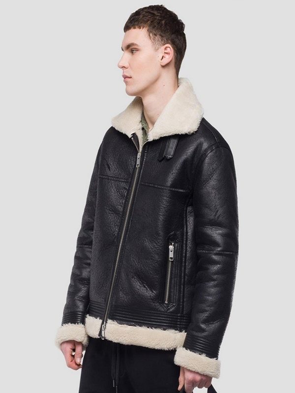 it is prepared with fine quality real leather and shearling lining is there. Men classic B3 leather jacket look extraordinary hot and classy with its jet black color, Front zipper closure and shearling white fur lapel style Men Classic B3 Shearling Jacketbroad collar, you can make it stand up erect color with two adjustable leather strips on the collar. Stylish detailing on the hemline and cuffs of long fitted sleeves add charm and charisma in the magnificent appearance of the jet black color Men Classic B3 Shearling Jacket. Two Slanted zipper pockets are also there along with shearling white fur on hemline to give warm and cozy feeling in the harsh cold winter. All the features of the Black Classic B3 leather jacket are eye catching, appealing and very charming that wills surely give you classy persona and charismatic look when you make it your attire for the party or family dinner, everyone surrounding you will appreciate you for such a fine taste in jackets.
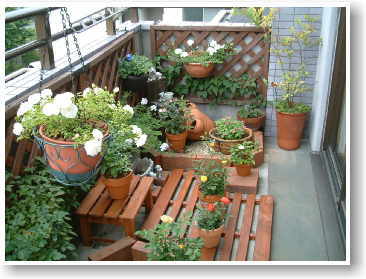 | ベランダ全体。 ベランダの半分は、洗濯物干し場と割り切って未開拓です。 半分だけでガーデニング。 水道も無いから、これ以上増やすと水遣りも大変。 ミニバラは主にこちらで…。 |
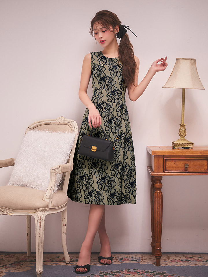 XS-Lサイズあり 【GINZA COUTURE/銀座クチュール】ノースリーブ/ 花柄/ ミモレ丈/ フレア/ ワンピース/ ミディアムドレス/ キャバドレス[OF2] [LKC2941-GR-S260127]
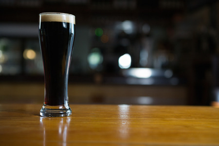 Glass of dark beer on a bar counter in a pub or restaurant
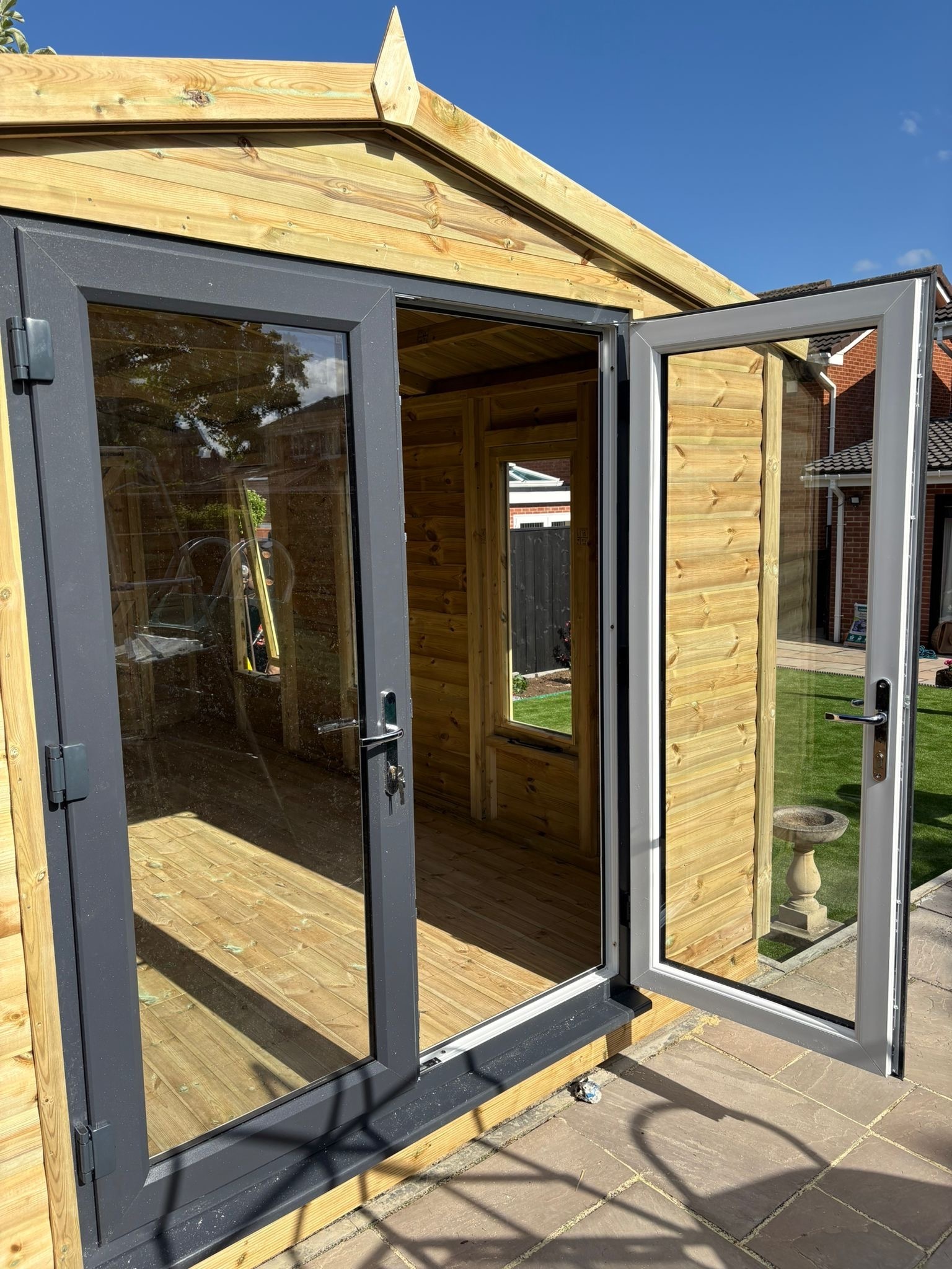 The summerhouse has a 1980 high x 1600 wide pvc double glazed door.
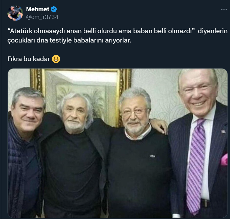 Bir vatandaşın sosyal medyadan yaptığı paylaşım ise büyük ilgi gördü. Söz konusu paylaşımda, ““Atatürk olmasaydı anan belli olurdu ama baban belli olmazdı” diyenlerin çocukları DNA testiyle babalarını arıyorlar. Fıkra bu kadar” denildi.
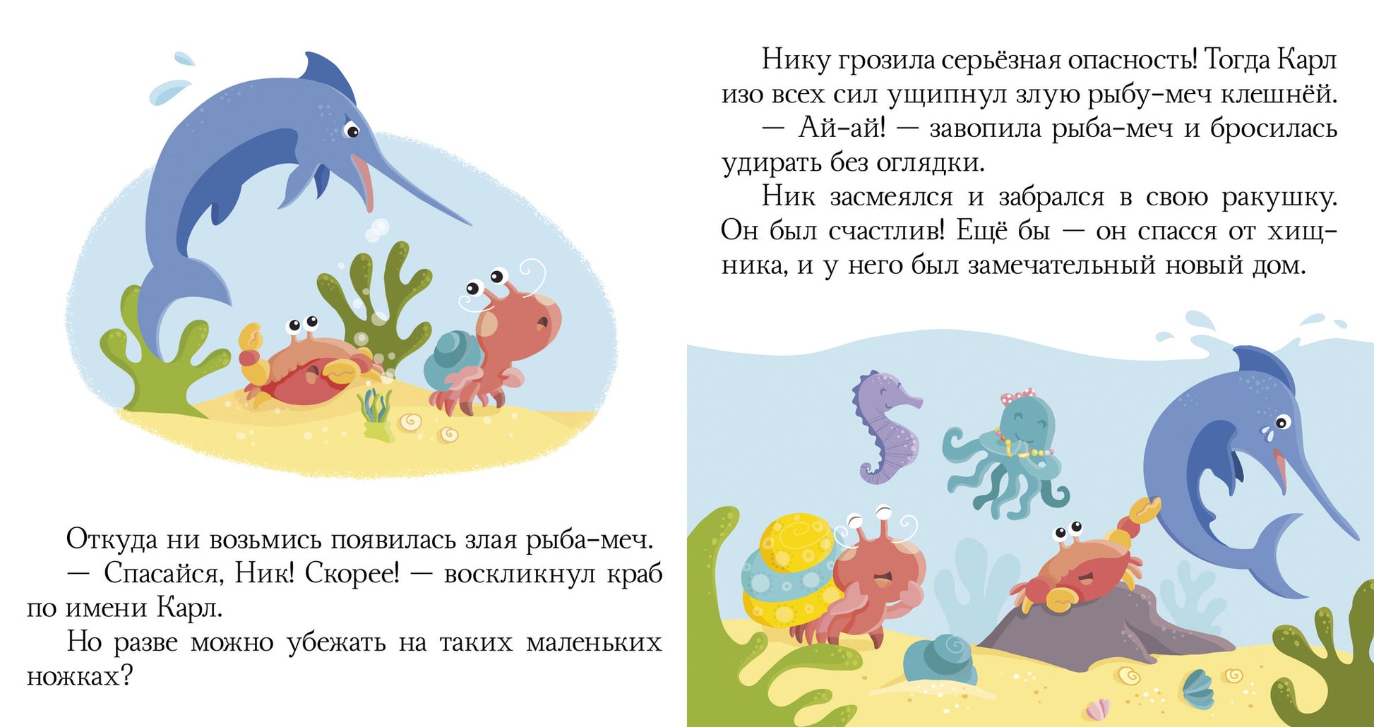 Добро пожаловать в море! Здесь на каждой страничке, то есть на каждой волне вас ждут морские жители: рыбки, осьминоги, водоросли и увлекательные истории, от которых ни взрослые, ни малыши не оторвутся.
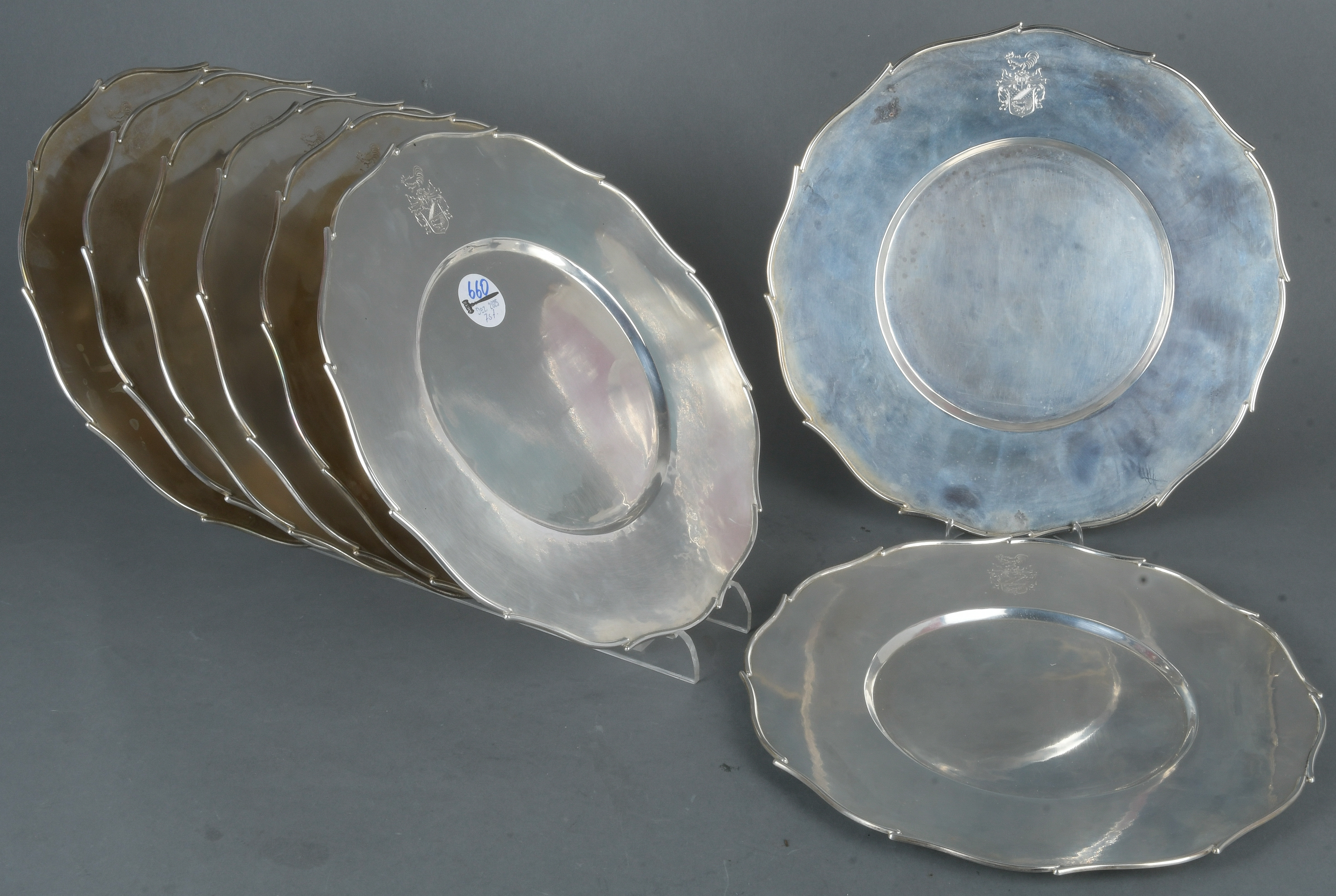 - Katalog-Nr: 660Acht Platzteller. Hamburg, H.J. Wilm 20. Jh. 925er Sterlingsilber, ca. 5.405 g, verso gepunzt mit Stadt- und Meistermarke, D=je 30,5 cm.o.L.

= Task =
All lines from the one holding "The summerhouse has" through the last line of the entries, and nothing else, are to be output exactly; leave out the pictures.

= Solved problem =
 The summerhouse has a 1980 high x 1600 wide pvc double glazed door.
 Bir vatandaşın sosyal medyadan yaptığı paylaşım ise büyük ilgi gördü. Söz konusu paylaşımda, ““Atatürk olmasaydı anan belli olurdu ama baban belli olmazdı” diyenlerin çocukları DNA testiyle babalarını arıyorlar. Fıkra bu kadar” denildi.
 Добро пожаловать в море! Здесь на каждой страничке, то есть на каждой волне вас ждут морские жители: рыбки, осьминоги, водоросли и увлекательные истории, от которых ни взрослые, ни малыши не оторвутся.
 - Katalog-Nr: 660Acht Platzteller. Hamburg, H.J. Wilm 20. Jh. 925er Sterlingsilber, ca. 5.405 g, verso gepunzt mit Stadt- und Meistermarke, D=je 30,5 cm.o.L.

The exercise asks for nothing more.